The spread of a computer virus among the Internet of Things (IoT) devices can be modeled as an Epidemic Containment (EC) game, where each owner decides the strategy, e.g., installing anti-virus software, to maximize his utility against the susceptible-infected-susceptible (SIS) model of the epidemics on graphs. The EC game’s canonical solution concepts are the Minimum/Maximum Nash Equilibria (MinNE/MaxNE). However, computing the exact MinNE/MaxNE is NP-hard, and only several heuristic algorithms are proposed to approximate the MinNE/MaxNE. To calculate the exact MinNE/MaxNE, we provide a thorough analysis of some special graphs and propose scalable and exact algorithms for general graphs.
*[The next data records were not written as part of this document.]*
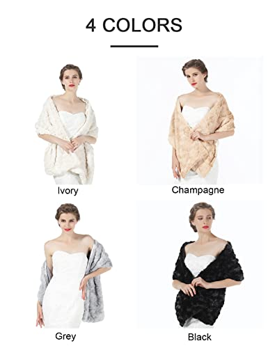 BEAUTELICATE Faux fur Shawl For Women Wedding Bridal Wrap Stole Shrug Warm Winter Cover Up for Evening Dress 7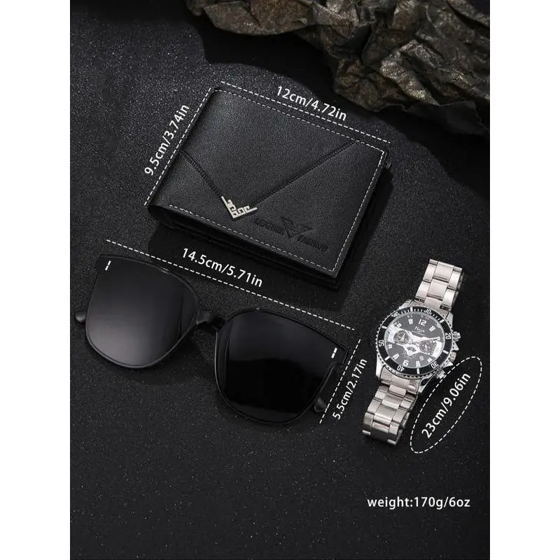 Men'sBusinessRoundDialAnalogQuartzWatch&JewelrySet,IncludingWatch&Sunglasses&Wallet,FashionWatchSetforParty,DailyDecor,ExquisiteWatchSetforGift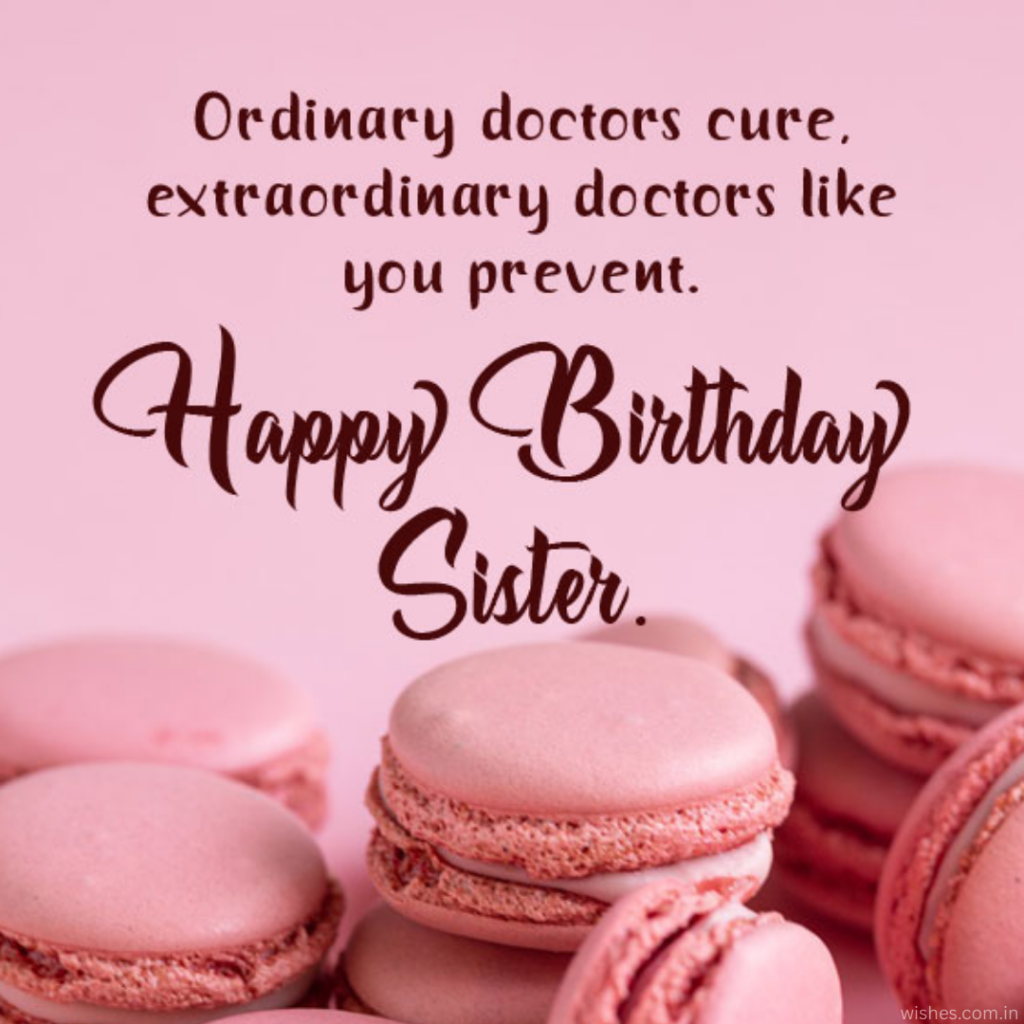 | 💖 Today on your birthday I just want to tell you how proud I am to have a dedicated doctor as a sister in my life. May God bless you in every way, dear. Happy Birthday. 🙏 |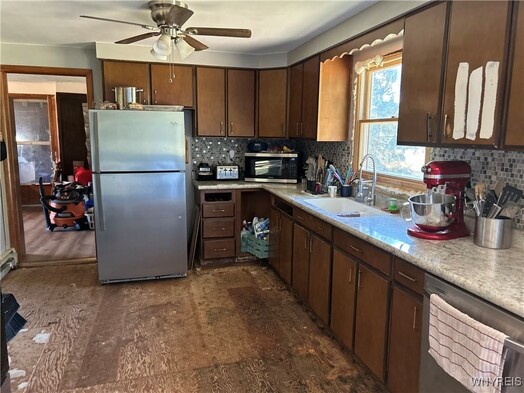 This 3 bedroom 1.5 bath ranch needs some help bringing it back to its original beauty. Set on .67 acre that borders Six Flags Darien Lake. 4 season passes are provided yearly by the park. The kitchen is spacious. Luxury vinyl plank flooring has been purchased but needs to be installed. All SS appliances are included. Large living room with wood fireplace and tons of natural light. There is a family room on the opposite side of the fireplace that is currently used for office space. Laundry room with a small water closet has plenty of room to expand into at least a 1/2 bath. Desirable Pembroke schools make this gem worth every penny. Sold As Is. Open House Sunday 8/3 from 1PM to 3PM.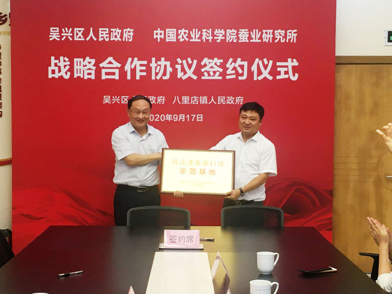 會(huì)上,李木旺所長(zhǎng)代表蠶業(yè)研究所與地方領(lǐng)導(dǎo)簽訂了合作協(xié)議,鄭培鋼書(shū)記為“錢(qián)山漾蠶??萍际痉痘亍笔谂?。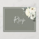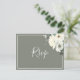 This simple elegantolive green RSVP postcard features a watercolor ivory floral design with elegant script font.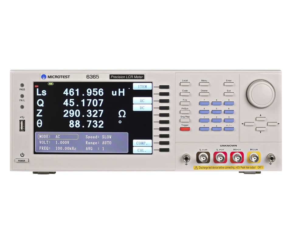 6364經(jīng)濟型 LCR 電橋具備高精確度、速度,且經(jīng)濟型多功能,測試頻率范圍從10Hz~100kHz?;揪_度±0.05%,螢幕畫面可以同時顯示四個參數(shù)。具多步列表功能,最多可以設定8組。低頻率6365A(0.1Hz~200kHz)可量測容量大的鋁電解電容。支援USB Host、RS-232、GPIB、Handler、LAN等介面。可選購電腦連線軟體進行圖形繪圖分析。適用于生產(chǎn)制造、品?;蜻M料檢驗或自動化檢測部門。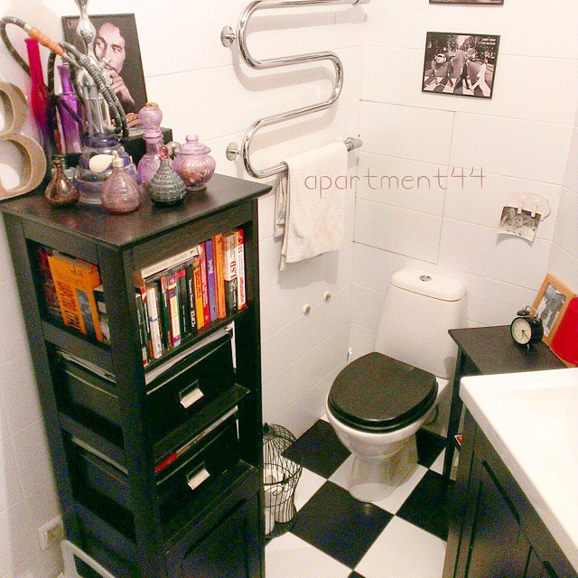 По замыслу, должна была быть напольная плитка с газетным принтом, но она была дорогая, а бюджет трещал по швам. Так что, придумала тогда и нашла штору для ванны с чертежами и формулами "а-ля-Леонардо да Винчи", но в наличии ее нигде не оказалось. Поэтому, висит обычная черно-белая штора из Икеа. И экран под ванну, тоже ждет своей очереди. Ремонт - состояние перманентное. Да, и ванна справа от входа.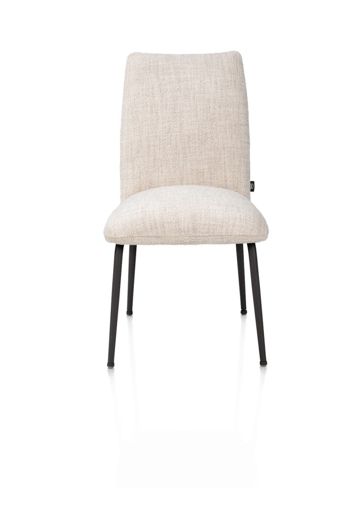 Bovina, eetkamerstoel – stof Luton + nosag – frame rough off black – Creme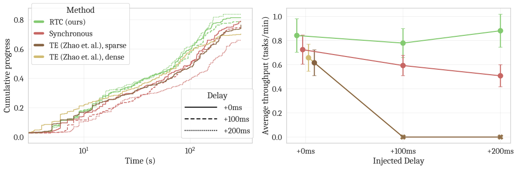 读图重点:在显著延迟注入下,RTC 仍能维持高动态闭环任务的可执行性。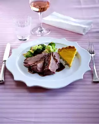 Season to taste with salt and pepper. Arrange tart, duck breast and sauce on plates. Serve with broccoli and flaked almonds.
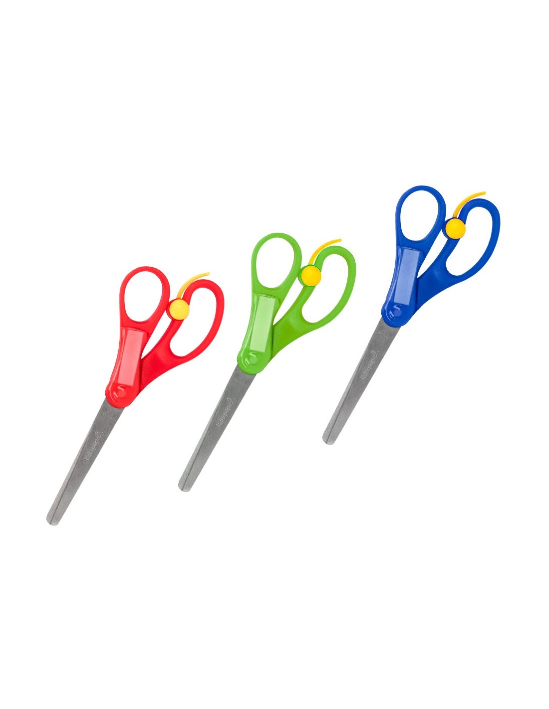 Tijera con apertura automática y resorte para facilitar la acción de corte. Con pestaña para personalizar. Hojas de acero inoxidable. Mango de plástico agradable al tacto. Punta redonda antipinchazos. Apta para TODOS LOS USOS.Corta papel, cartón, fotos, tela, etc. Longitud:15 CM. SE RECOMIENDA UTILIZAR LAS TIJERAS BAJO SUPERVISIÓN DE UN ADULTO.

Especially, our contributions are four-fold. First, we analytically give the MinNE/MaxNE for EC on special graphs based on spectral radius. Second, we provide an integer linear programming formulation (ILP) to determine MinNE/MaxNE for the general graphs with the small epidemic threshold. Third, we propose a branch-and-bound (BnB) framework to compute the exact MinNE/MaxNE in the general graphs with several heuristic methods to branch the variables. Fourth, we adopt NetShiled (NetS) method to approximate the MinNE to improve the scalability. Extensive experiments demonstrate that our BnB algorithm can outperform the naive enumeration method in scalability, and the NetS can improve the scalability significantly and outperform the previous heuristic method in solution quality.

中文翻译：

---

保护IoT网络成为流行病遏制游戏

可以将计算机病毒在物联网（IoT）设备之间的传播建模为一种流行病遏制（EC）游戏，在此游戏中，每个所有者都可以决定策略，例如安装防病毒软件，以最大程度地利用其对易受攻击的计算机的攻击力-图上流行病的易感感染（SIS）模型。EC游戏的规范解决方案概念是最小/最大纳什均衡（MinNE / MaxNE）。然而，计算精确的MinNE / MaxNE是NP困难的，并且仅提出了几种启发式算法来近似MinNE / MaxNE。为了计算精确的MinNE / MaxNE，我们提供了对一些特殊图形的透彻分析，并为一般图形提供了可扩展的精确算法。特别是，我们的贡献是四倍。首先，我们根据频谱半径在特殊图表上分析给出EC的MinNE / MaxNE。第二，我们提供一个整数线性规划公式（ILP）来确定具有流行病阈值的一般图的MinNE / MaxNE。第三，我们提出了一种分支定界（BnB）框架，使用几种启发式方法来对变量进行分支，以计算通用图中的精确MinNE / MaxNE。第四，我们采用NetShiled（NetS）方法对MinNE进行近似以提高可伸缩性。大量实验表明，我们的BnB算法在可伸缩性方面优于单纯的枚举方法，而NetS可以显着提高可伸缩性并在解决方案质量方面优于以前的启发式方法。我们提出了一种分支定界（BnB）框架，使用几种启发式方法来对变量进行分支，以计算通用图中的精确MinNE / MaxNE。第四，我们采用NetShiled（NetS）方法对MinNE进行近似以提高可伸缩性。大量实验表明，我们的BnB算法在可伸缩性方面优于单纯的枚举方法，而NetS可以显着提高可伸缩性并在解决方案质量方面优于以前的启发式方法。我们提出了一种分支定界（BnB）框架，使用几种启发式方法来对变量进行分支，以计算通用图中的精确MinNE / MaxNE。第四，我们采用NetShiled（NetS）方法对MinNE进行近似以提高可伸缩性。大量实验表明，我们的BnB算法在可伸缩性方面优于单纯的枚举方法，而NetS可以显着提高可伸缩性并在解决方案质量方面优于以前的启发式方法。